Programs that read database data can access numerous rows and are therefore susceptible to concurrency problems. To get around this issue, most major RDBMS products support read-through locks, also known as “dirty read” or “uncommitted read,” to help overcome concurrency problems. When using uncommitted reads (UR), an application program can access data that has been changed, but is not yet committed. Dirty read capability is commonly implemented using an isolation level, but the exact naming and implementation differs by DBMS vendor.

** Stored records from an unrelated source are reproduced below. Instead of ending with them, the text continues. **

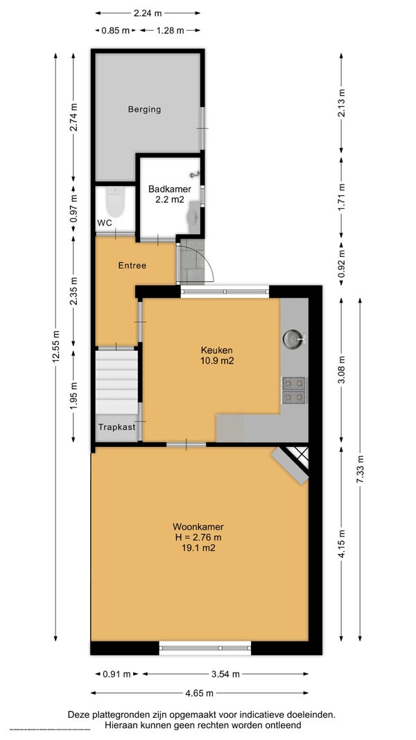 - De tussenwoning heeft een woonoppervlakte van 68 m² en beschikt over 3 kamers, waarvan 2 slaapkamers;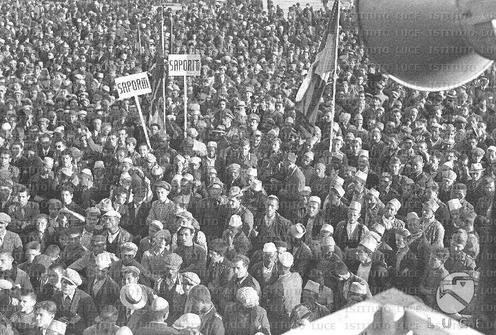 Figura 1. Qytetarë të Tiranës përpara Bashkisë së vjetër dëgjojnë fjalimin e Duçes, gjatë të cilit ai do t’i shpallë luftë Anglisë. 10 qershor 1940, (Instituti Luce)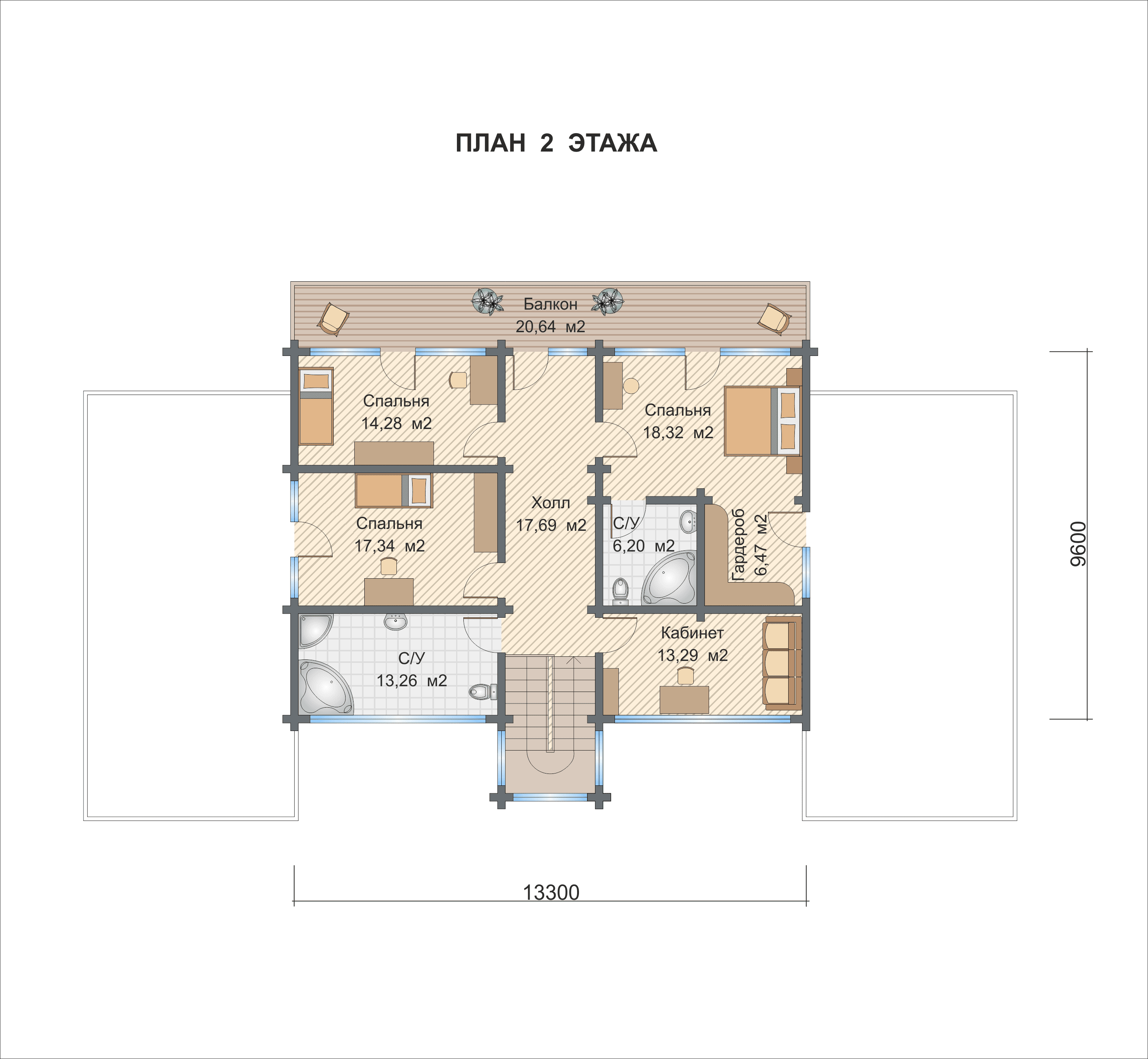 На первом этаже 2 спальни, на втором этаже 4 спальни.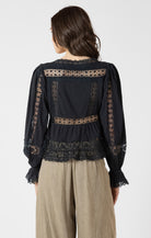 Dex Mixed Fabric Lace Trim Top- Black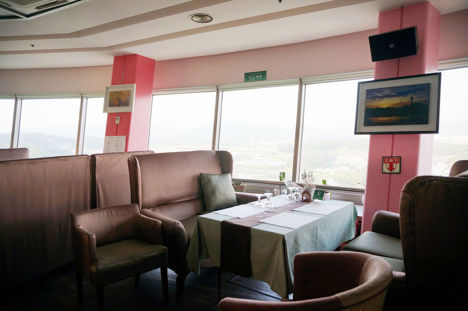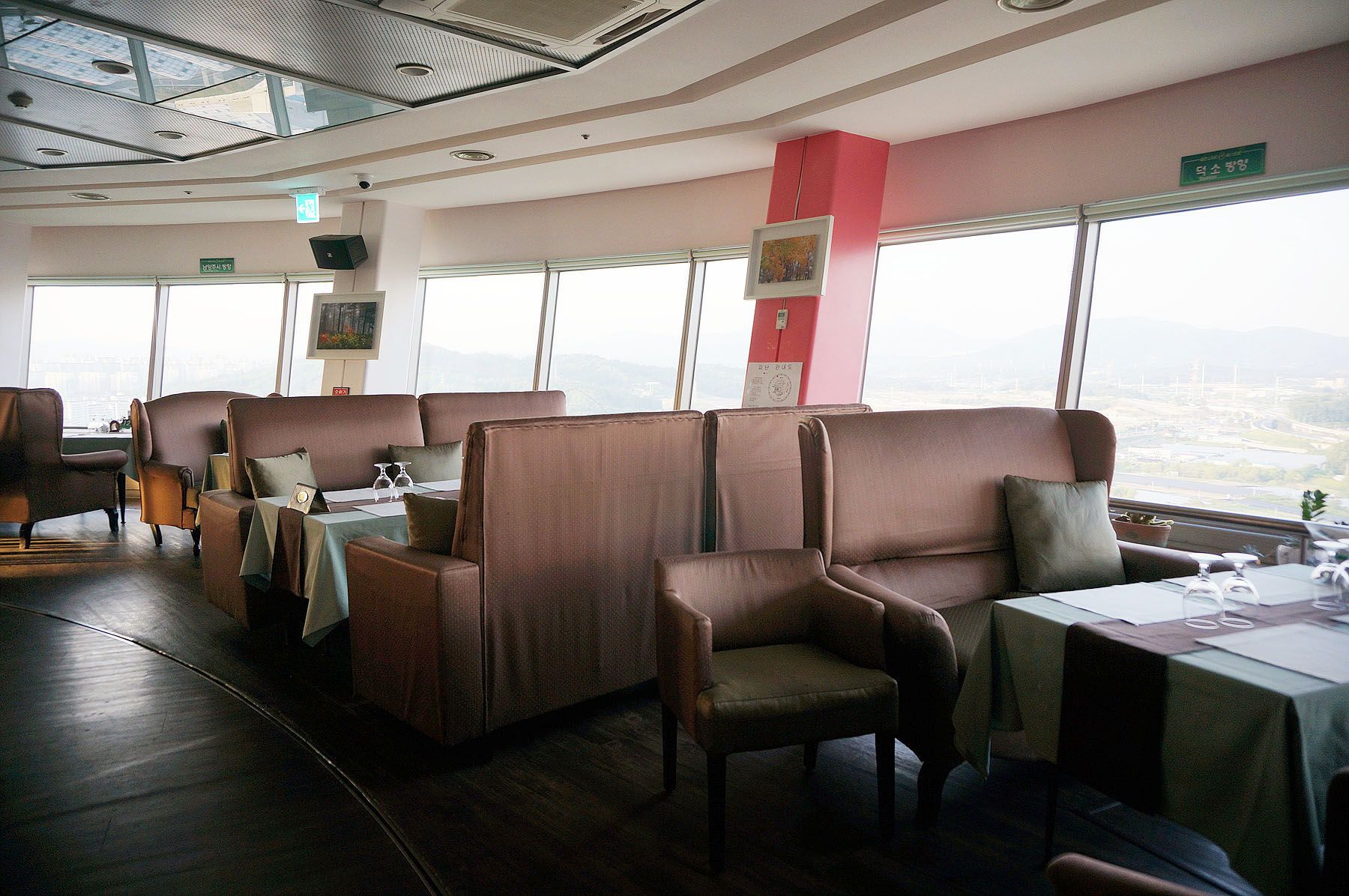 전망대2층에는 지상으로부터 100m 높이이며 회전식 레스토랑이 있어 식사를 하며
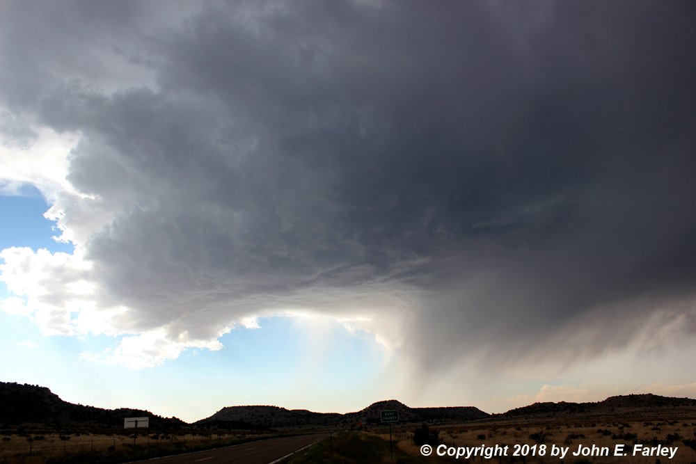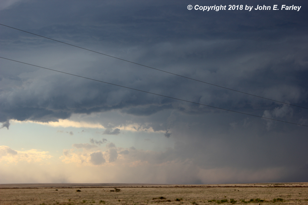 5:00-5:45 - The Rocky Ford storm looks rather weak and LP-ish, but is rather pretty at times. Since I can intercept it between Kim and La Junta and since that is on my way to Lamar, I head north from Kim for an intercept. The storm has some narrow rain/hail shafts, and I stop a few times for photographs. I intercept it 10 miles or so south of La Junta as it crosses the road ahead of me: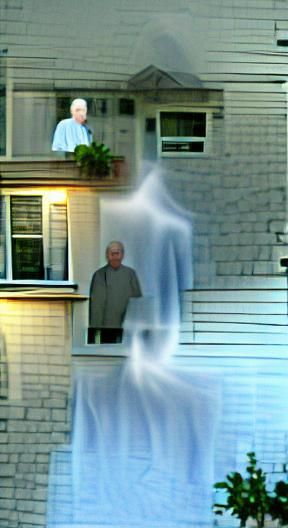 This image shows a melancholic portrait of a forgotten neighbor's spirit. A poignant representation of nostalgia and loss, captured in a somber digital art style.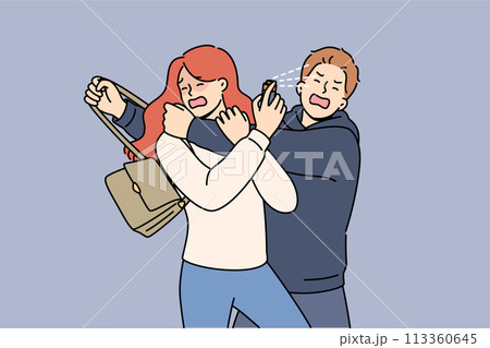 Man robber is sprayed with gas from victim spray bottle, using pepper spray for self-defense

A program using dirty reads will read data without taking locks. This enables the application program to read data contained in the table as it is being manipulated. And it generally improves performance and availability of data because no locking mechanism is invoked during the process.

...

There are a few specific situations in which the dirty read capability may make sense. Consider the following cases:

  • Access is required to a reference, code, or look-up table that is basically static in nature. Due to the non-volatile nature of the data, a dirty read would be no different than a normal read the majority of the time. In those cases when the code data is being modified, any application reading the data would incur minimal, if any, problems.
  • Statistical processing must be performed on a large amount of data. For example, you may wish to determine the average age of female employees within a certain pay range. The impact of an uncommitted read on an average of multiple rows may be minimal because a single value changed may not greatly impact the result.
  • Dirty read can prove invaluable in a data warehousing environment. A data warehouse is used for online analytical processing and, other than periodic data propagation and/or replication, access is read-only. An uncommitted read is perfect in a read-only environment since it can cause little damage because the data is generally not changing.
  • In those rare cases when a table, or set of tables, is used by a single user only, UR can make a lot of sense. If only one individual can be modifying and accessing the data, locking is only adding overhead.
  • Finally, if the data being accessed is already inconsistent, little harm can be done using a dirty read to access the information.

The dirty read capability can provide relief to concurrency problems and deliver faster performance in very specific situations. Be certain to understand the implications of the UR isolation level and the “problems” it can cause before diving headlong into implementing it in your production applications.